4. Bioinformatics Databases and Cloud Storage

Due to the increment in genetic information, different cloud storage platforms and online databases and
cloud storage have appeared that gave the chance for these data to be analysed and accessed. These
platforms provided required storage space for about 1 in 25 Americans’ DNA to be stored and referenced
when needed. Storing data using cloud-based databases allowed global teams to work at the same time
and on the same data and find solutions for problems that face them.
In the field of law, DNA databases play a big role. In April 2018 in the USA, the Golden State Killer
was arrested due to genetic information that a relative of him shared on the GEDMatch genealogy
website [13]. Many USA states besides other countries collect DNA information from different crime
scenes and arrest people for different crimes depending on the criminological database. Despite the DNA
database’s role in catching many criminals and sending them behind bars, there are still many questions
concerning privacy [14]. The database is an archive that is used to store and organize data making it
easy to be retrieved using search criteria. Databases are developed to classify data made of records that
are structured in a way that makes it easy for retrieval. The software that manages databases is called a
database management system.
The database that contains biological science such as molecular biology and bioinformatics is called
a biological database. These databases work like other databases, they allow indexing data, as well as
removing redundancy. They are the central component of bioinformatics [15]. Biological data differs
from any other data, they are complicated, have many exceptions, vast and incomplete. So, many
databases were established and interpreted to make sure that the results are clear and unambiguous. A
good database should contain up-to-date information.
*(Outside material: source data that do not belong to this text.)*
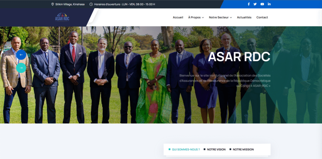 De asar-rdc.com à asar.cd : identité digitale modernisée, WordPress administrable, performances accrues et référencement national optimisé pour l’association des assureurs de RDC.
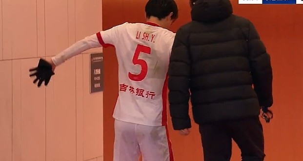 第38分鐘,譚龍拼搶中受傷倒地被擔(dān)架抬出場外,同時(shí)李申圓受傷堅(jiān)持不住回更衣室。↓
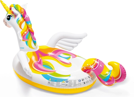 Stilfuld oppustelig enhjørninge-ø fra INTEX: 251 × 163 × 145 cm, 2 kamre, 2 håndtag, bæreevne 200 kg, holdbar vinyl og reparationslap. Ideel til sommeren.
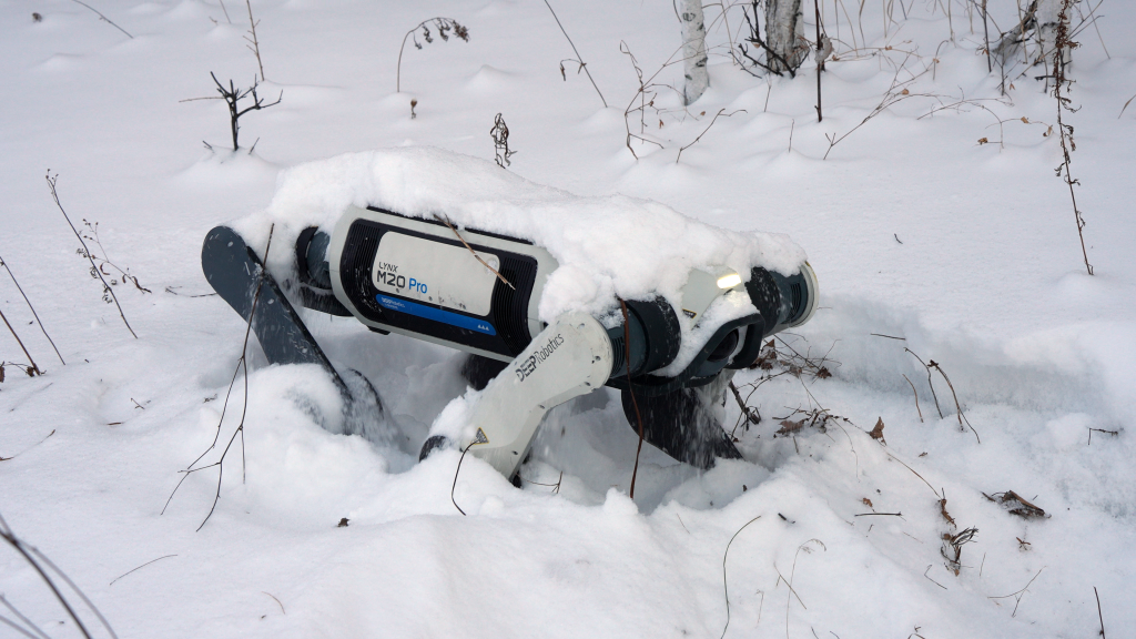在牙克石的低温、低光照的严苛条件下,山猫M20轮足机器人验证了云深处机器狗从基础移动、环境感知到多任务执行的全链路可靠性,充分体现出其在极端低温环境下持续、稳定作业的综合能力,为完成物资搬运、区域巡护、科研探索等多种任务提供了实战验证。
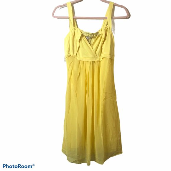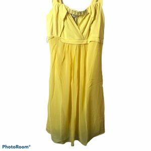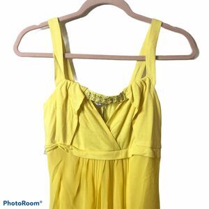 Yellow with beaded Cut-out front Mini dress. Thick spaghetti straps about 1" wide. Side zipper closure with lined interior and sheer overlay. Fitted upper and flowy bottom, stretchy upper backside. No stains or damage done. Removed from packaging for photos only.
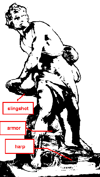 Bernini's statue is faithful in most aspects to the biblical story: David is swinging the slingshot toward Goliath, while the armor he chose not to wear - lays at his feet. Because, Goliath is at some distance from David at this point in time, his figure is not included in the statue. It appears that Bernini saw importance in being familiar with the biblical scenes one is depicting in art, as is evident from his remark regarding the painting of the Crucifixion by Sarrazin [2].
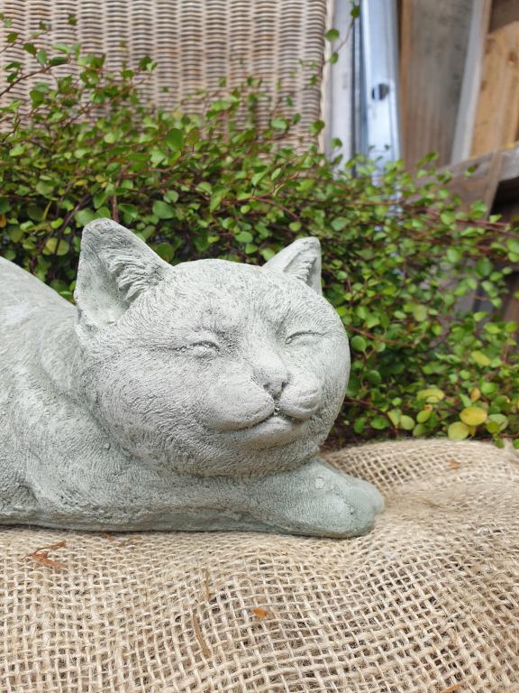Diese fröhliche fröhliche Katze ist eine tolle Dekoration auf einer großen Fensterbank oder in einem Blumenbeet oder Balkon.
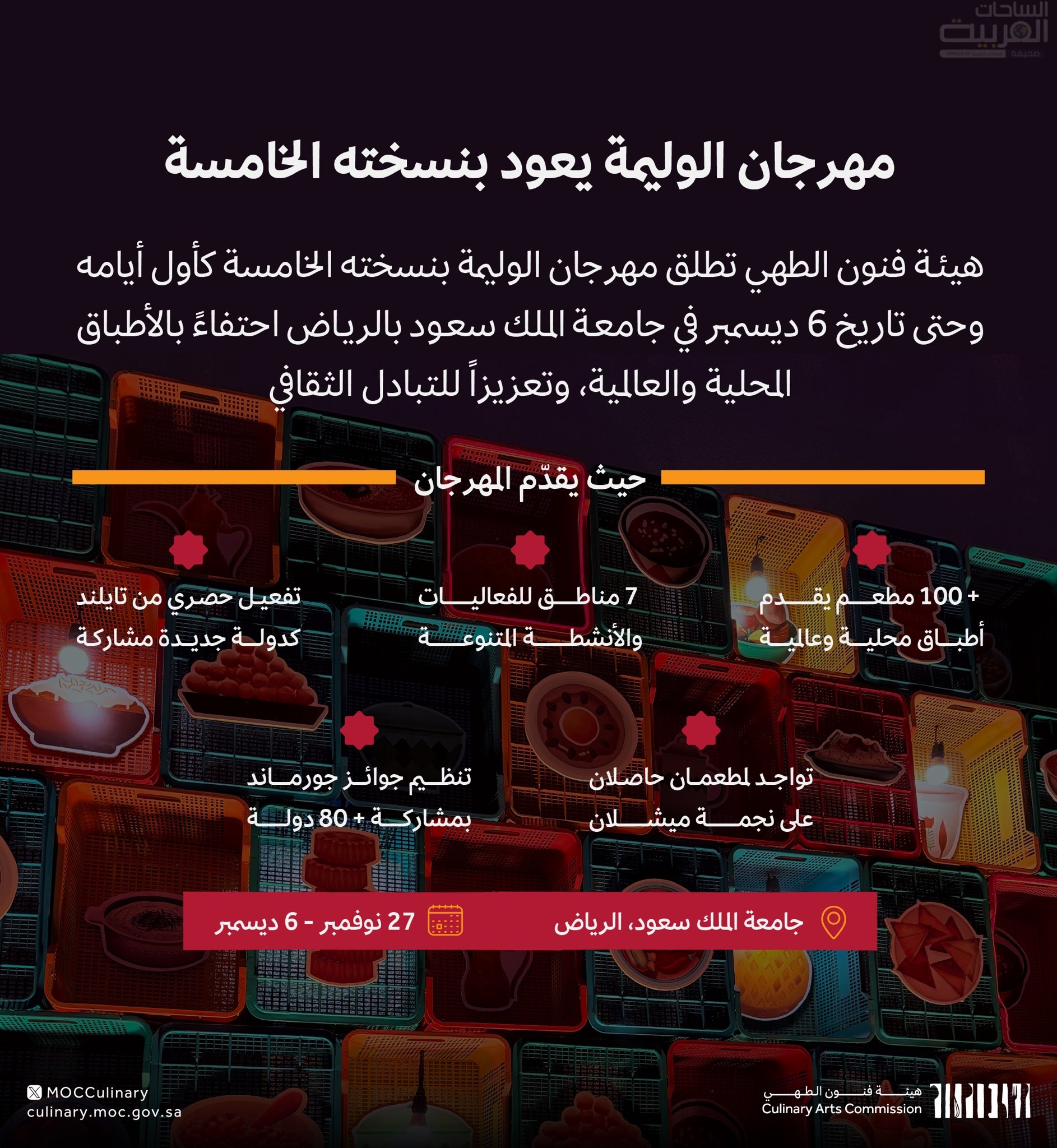 تنظم ﻫﻴﺌﺔ ﻓﻨﻮن اﻟﻄﻬﻲ ﺧﻼل اﻟﻔﺘﺮة ﻣﻦ 27 ﻧﻮﻓﻤﺒﺮ إﻟﻰ 6 دﻳﺴﻤﺒﺮ 2025م،
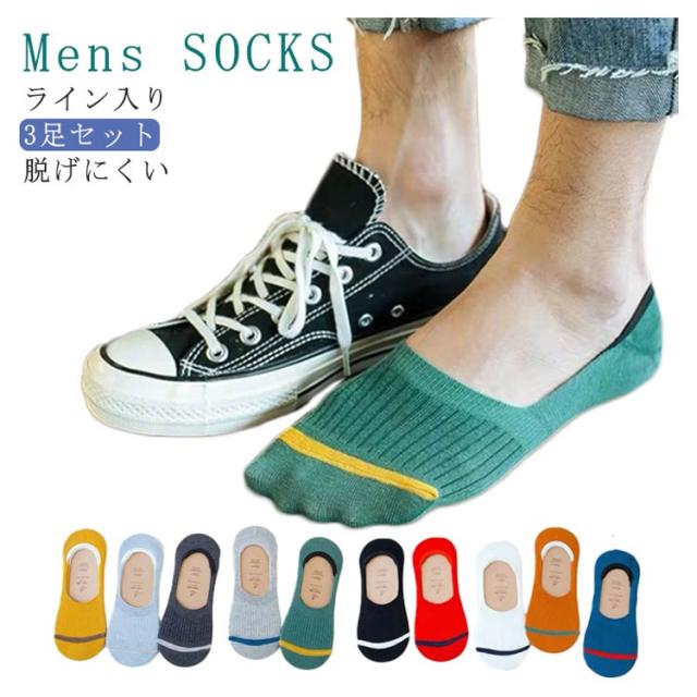 3足セット ライン入り 靴下 ソックス 脱げない スニーカーソックス メンズ フットカバーソックス カバーソックス 春夏 フットカバー 脱げにくい 滑り止め付き シンプル ベーシック スリッポン 靴下 ソックス 滑りとめ くるぶし ソックス 吸水速乾 防臭 送料無料
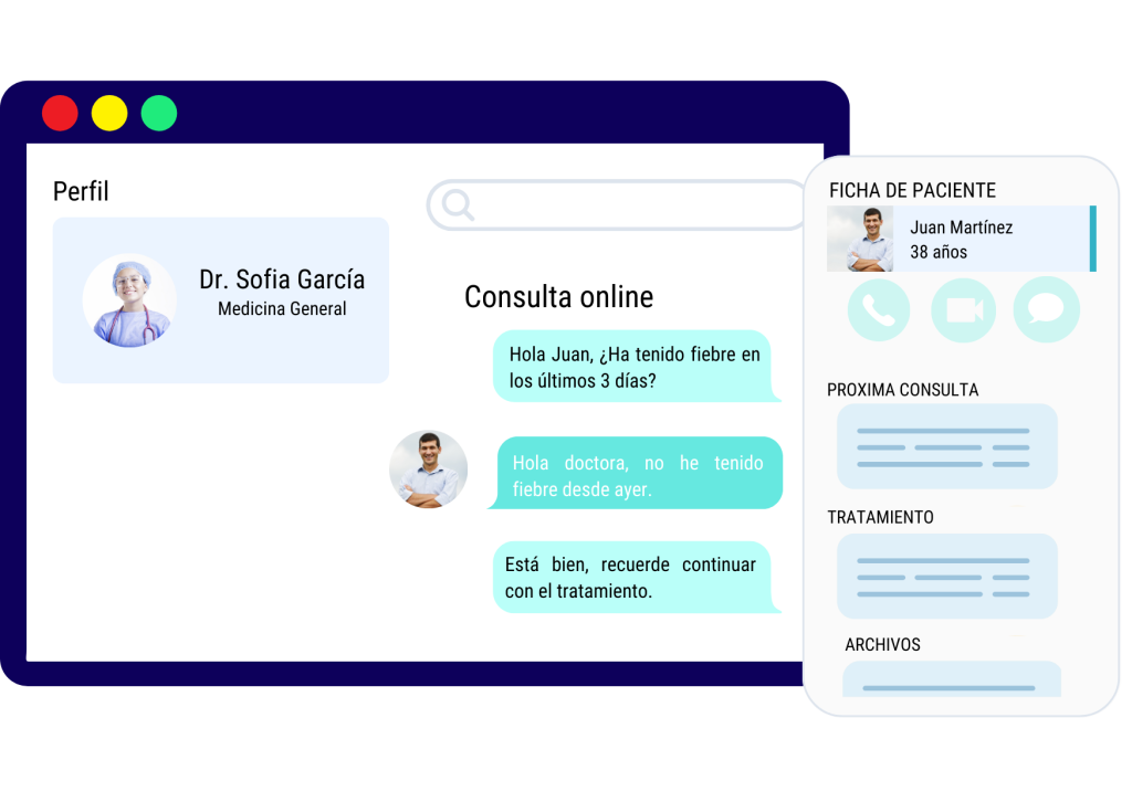 Conecta con tus pacientes desde cualquier dispositivo y lugar, allí donde estén.

Biological databases allow scientists to retrieve
biological sequences, structure, metabolic interactions, functional relationships, molecular actions,
motifs homologous, and protein families [2]. PubMed is one of the most known databases in biomedical
literature. It contains the abstracts and the text of articles for about 4000 journals [2]. Modern biological
research especially genomic studies require databases. There are two types of biological databases,
primary database, and secondary database. The primary database holds the sequence and structural
information, whereas the secondary database is derivative from analysing the primary data. The
secondary database is important for controlling protein functions [16].
Examples for some primary biological databases are [17]:
• ‘GeneBank (Generic Sequence Databank)’: this bank contains nucleotide sequences data. It is an
ASCII text file that could be read by humans as well as computers. It is an open-access database.
• ‘EMBL (European Molecular Biology Laboratory)’: is a DNA and RNA sequences database that
is collected from patient offices and submitted by researchers. This database is maintained by EBI
(European Bioinformatics Institute).
• Swiss-Port: it is a curated protein sequence database.
- And examples for secondary biological databases are:
- Motif Databases:
• A protein sequence motif is a set of conserved amino acid residues. These are vital for protein
functions.
• PRINT: is a database for protein fingerprint
- Domain Database:
• A protein domain is a compact unit that forms a three-dimensional structure
• SMART: a sensitive tool for domain identification
- 3D Structure Databases:

101
Technium BioChemMed Vol. 2, Issue 4 pp.96-105 (2021)
ISSN: 2734-7990
[Link]

• ‘PDB (Protein Data Bank)’: a database for the 3D structure of biological macromolecules
determined by X-ray
• ‘SCOP (Structure Classification of Protein database)’: classifies protein 3D structure
- Gene Expression Databases:
• ‘GEO (Gene Expression Omnibus)’: selected online resource and gene expression molecular
huge store to browse, query, and retrieve the gene.
• ‘GXD (Gene Expression Database)’: is a community resource for expressing gene information
This is just a selected group of the available databases that keep on growing over days.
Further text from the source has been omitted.